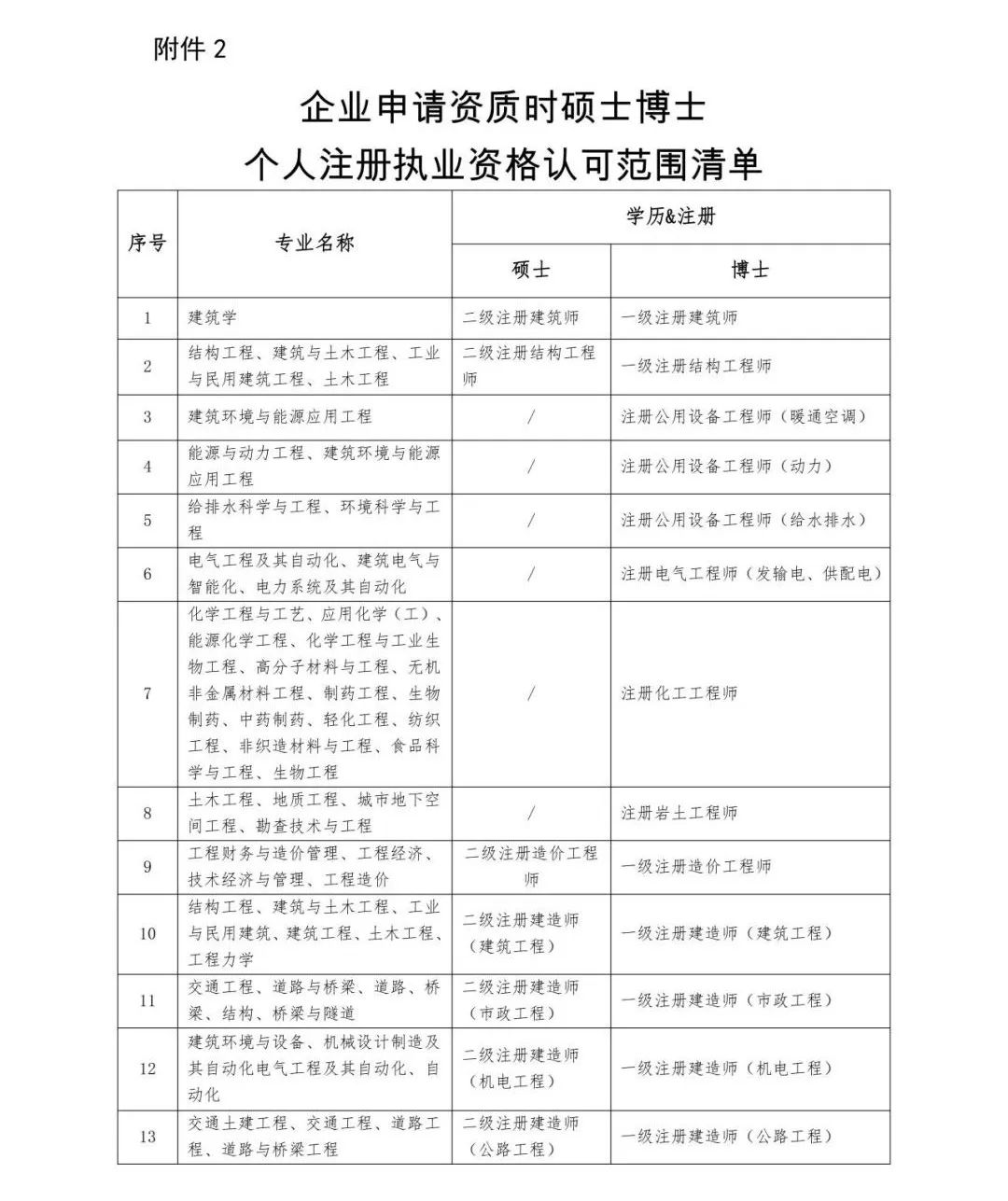 2.?企業(yè)申請資質時碩士博士個人資格認可范圍清單
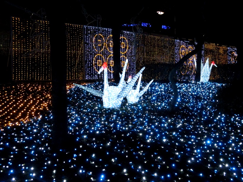 会場内には、光の陣幕、光の折り鶴、光の桜などが配置され、また「大坂の陣400年」ということで、光の真田幸村もお目見えしています。
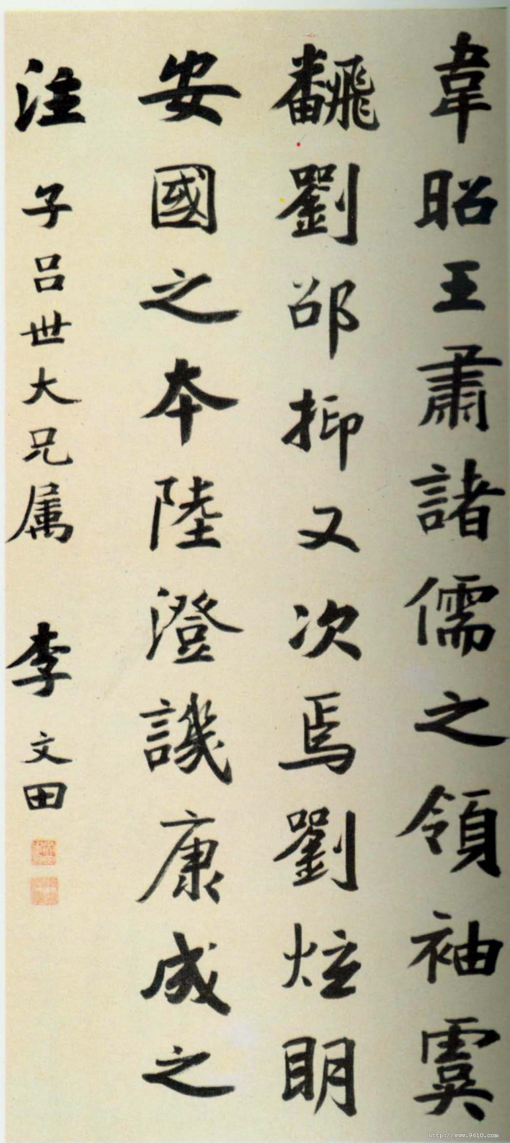 李文田《赠子吕楷书语摘轴》 112×53cm 广州美术馆藏 释文: 韦昭,王肃,诸儒之领袖。虞翻,刘邵抑又次焉。刘炫明安国之本,陆澄讥康成之注。 子吕世大兄嘱,李文田。 李文田书法初学欧阳询,后取法北碑,中晚年有较大变化,成为北碑书派中重要一员。此楷书是欧书与北碑书融合之作,而又参以行法,笔画挺实而流动,结字变化较大,不甚固定,是其书风过渡时期之作。 参考《中国书法全集》第76卷清代名家卷三(可嘉扫描)
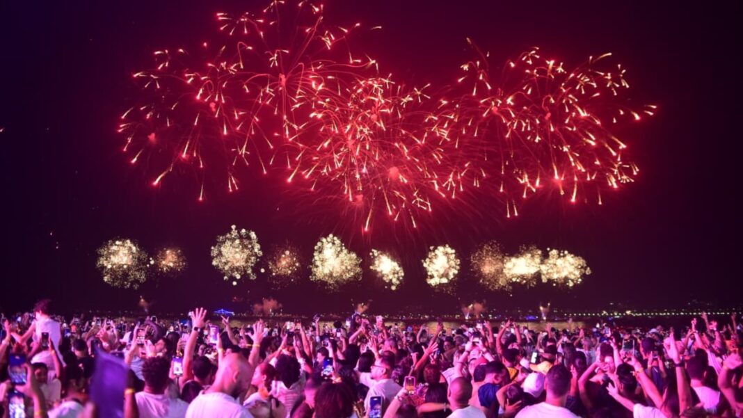 O samba tomou conta da areia com a energia da Unidos do Viradouro, que levou ao palco o intérprete Wander Pires, preparando o público para a tradicional contagem regressiva.
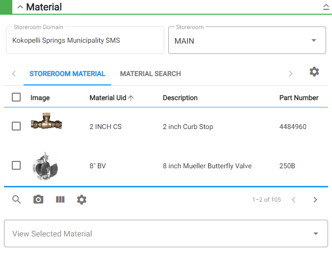 - On the Material panel, select a Storeroom from the drop-down list. This changes the list of materials. Materials can only be selected from one storeroom at a time.
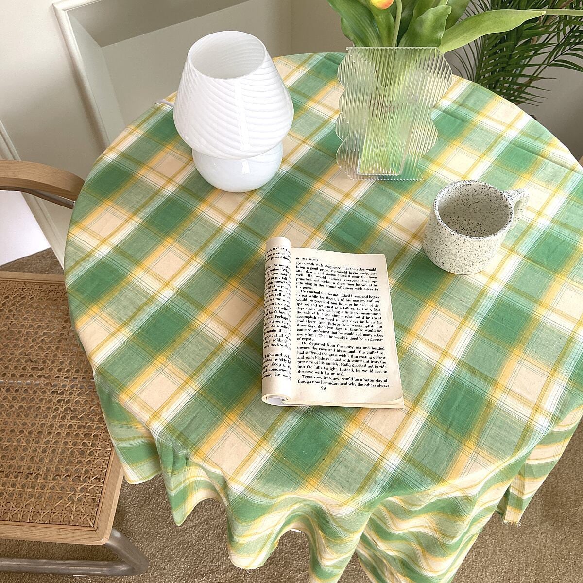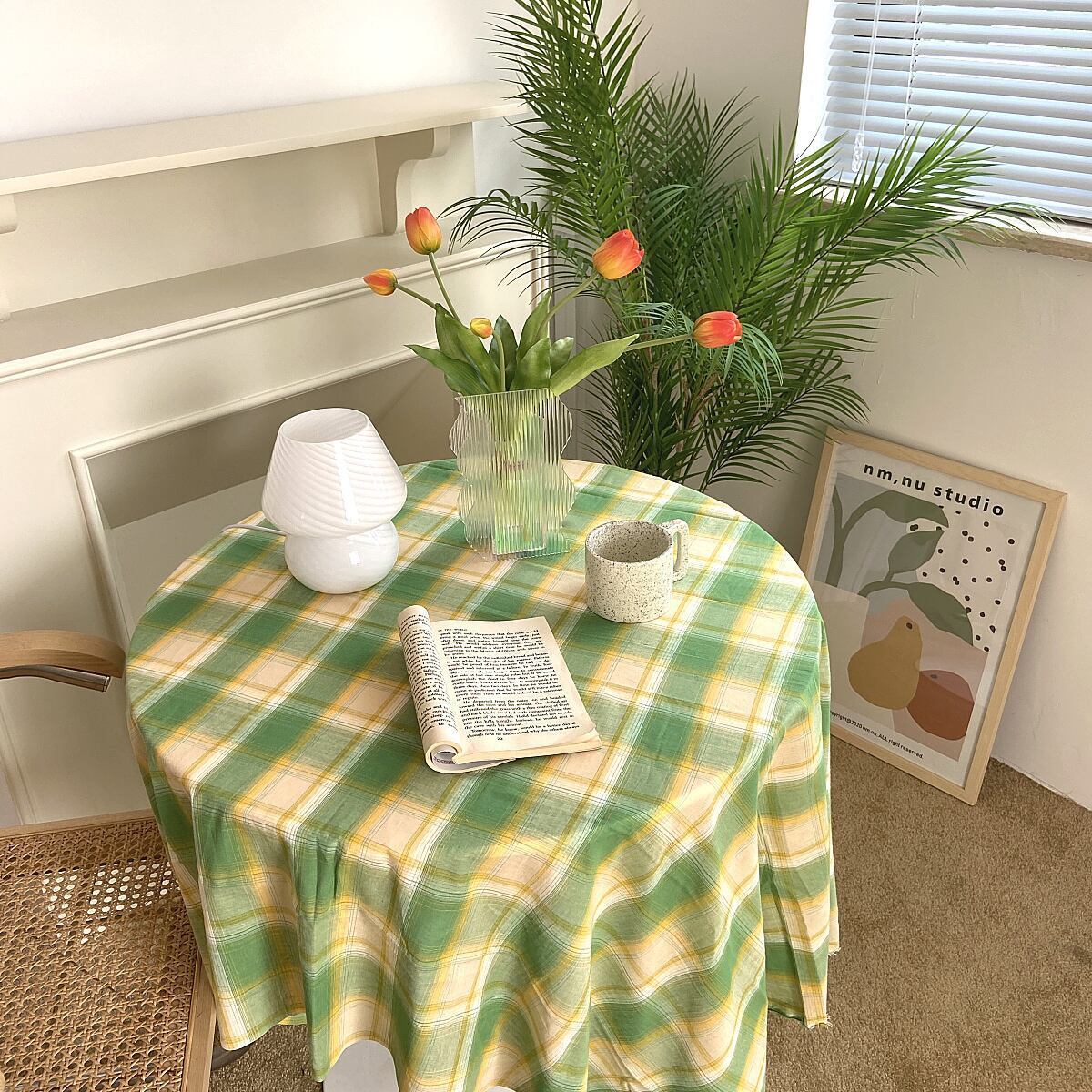 【TABLECLOTH】グリーンチェック柄リネンテーブルクロス

* [YOUR GOAL]:
Find the line containing "会場内には、光の陣幕、光の折" in the listing above. Please restate word for word that line through the last one, leaving out the pictures.

* [TASK RESULT]:
 会場内には、光の陣幕、光の折り鶴、光の桜などが配置され、また「大坂の陣400年」ということで、光の真田幸村もお目見えしています。
 李文田《赠子吕楷书语摘轴》 112×53cm 广州美术馆藏 释文: 韦昭,王肃,诸儒之领袖。虞翻,刘邵抑又次焉。刘炫明安国之本,陆澄讥康成之注。 子吕世大兄嘱,李文田。 李文田书法初学欧阳询,后取法北碑,中晚年有较大变化,成为北碑书派中重要一员。此楷书是欧书与北碑书融合之作,而又参以行法,笔画挺实而流动,结字变化较大,不甚固定,是其书风过渡时期之作。 参考《中国书法全集》第76卷清代名家卷三(可嘉扫描)
 O samba tomou conta da areia com a energia da Unidos do Viradouro, que levou ao palco o intérprete Wander Pires, preparando o público para a tradicional contagem regressiva.
 - On the Material panel, select a Storeroom from the drop-down list. This changes the list of materials. Materials can only be selected from one storeroom at a time.
 【TABLECLOTH】グリーンチェック柄リネンテーブルクロス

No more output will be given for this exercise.